I Hate Dialysis Message Board

Dialysis Discussion => Dialysis: General Discussion => Topic started by: kclapham on August 27, 2013, 02:58:34 PM

Title: Child Adoption and Long Term Heamodialysis
Post by: kclapham on August 27, 2013, 02:58:34 PM
Good Morning All,

I need help........I have been on dialysis for 18 years (I am 33). I can't have kids due to overy issues. My husband and I have wanted to adopt and have been fighting Child, Youth and Family in NZ for years. However I keep getting told I cannot adopt as I am too high risk of passing away as I have been on dialysis too long.

I am actually very healthy, work full time, volunteer with Radio Lollipop and have done high needs foster care in the past.

I am now mounting a case with our Human Right Commission to try and get the decision turned around but I need to know if anybody in my boat has been able to adopt with the female on long term dialysis with a healthy husband.
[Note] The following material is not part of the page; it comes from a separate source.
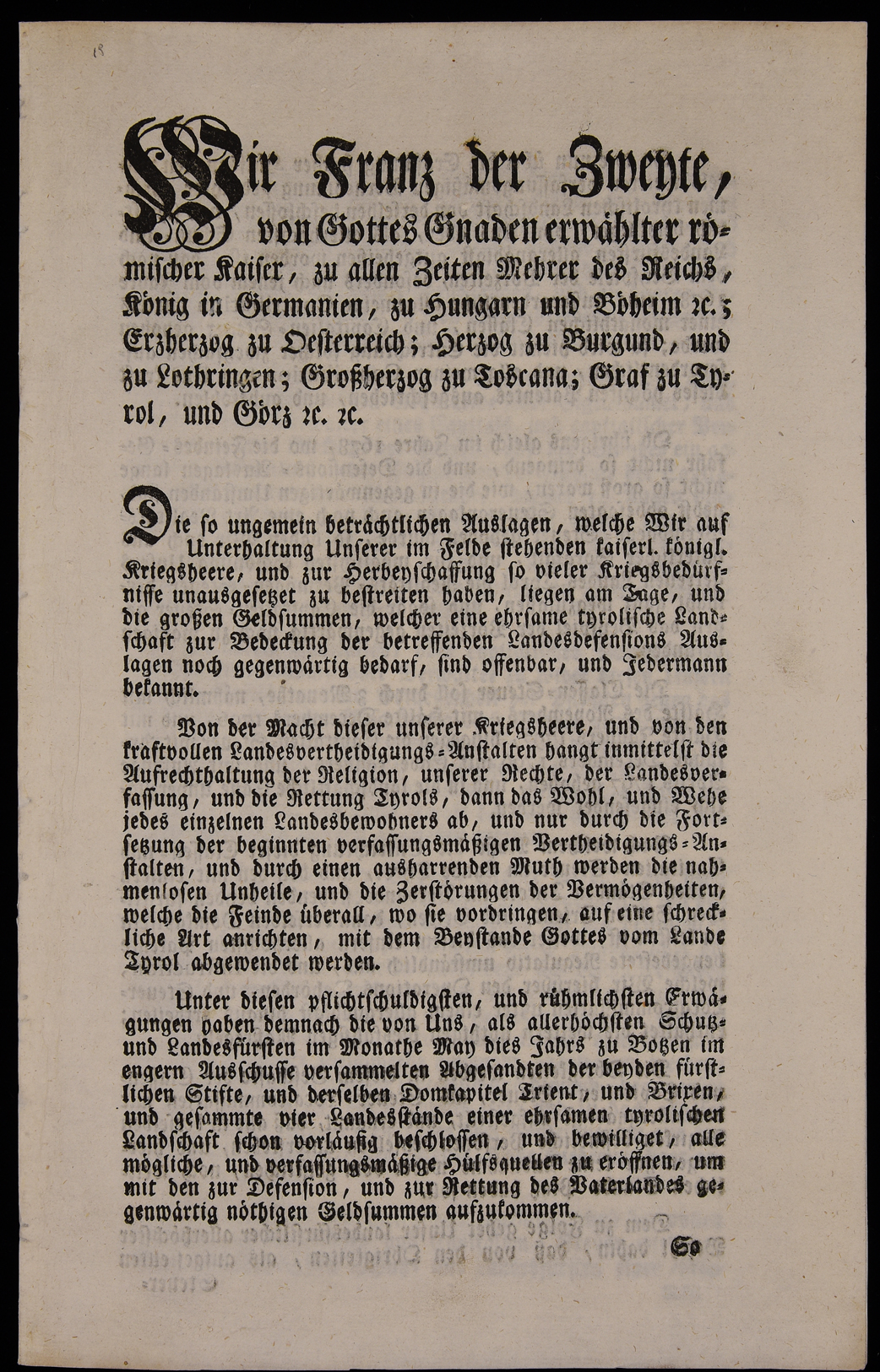 | Wir Franz der Zweyte von Gottes Gnaden erwaehlter roemischer Kaiser, zu allen Zeiten Mehrer des Reichs Koenig in Germanien, zu Hungarn und Boeheim etc. Erzherzog zu Oesterreich, Herzog zu Burgund und zu Lothringen, Grossherzog zu Toscana, Graf zu Tyrol und Goerz etc. etc. |

This is to help me build a case to say to the department it is possible to do.

Thanks in advance for the help

Karla
Title: Re: Child Adoption and Long Term Heamodialysis
Post by: kristina on September 22, 2013, 03:57:47 AM
Hello, kclapham,

because of my own kidney issues starting in 1971, when an ambulance took me to hospital
because I was in a coma with urea - due to my kidneys stopping functioning...
... and picking-up a little of my my kidney function later again... without needing  any dialysis...
... and having been able to continue my studies at University and my career nevertheless...
... but having been medically advised not to have  children...because of my compromised kidney function...
...and because of this compromised kidney function my future being medically looked upon as very uncertain...
... I have naturally studied this situation very closely over the past 42 years -  on the Continent and in England –
and I do not recall any mother in ESRF who was lucky with her pregnancy and/or adopting/ fostering a child.

 ...Mind you, during all these years I have managed to survive without needing dialysis,
even to this date of writing... my “two little fighters” still function 10-12% without any dialysis...after all these years...
so, theoretically I could have easily risked to have a child - but I am very glad now that I never took such a risk...
... because such a decision would have involved other lives as well and I could not consider that as being fair...

One reason why doctor’s opinion is not favourable towards ESRF-females having children is
 because doctors/nephrologists don’t come across good-luck-stories of females in ESRF...
... even if doctors are sympathetic and helpful:  facts are not very favourable...

... This said, of course there are always some odd exceptions...but the rule does not give much hope to be optimistic..
...nephrologists look at this from the point, how a child can be given a chance to grow up
and go through childhood...and then they answer enquiring authorities...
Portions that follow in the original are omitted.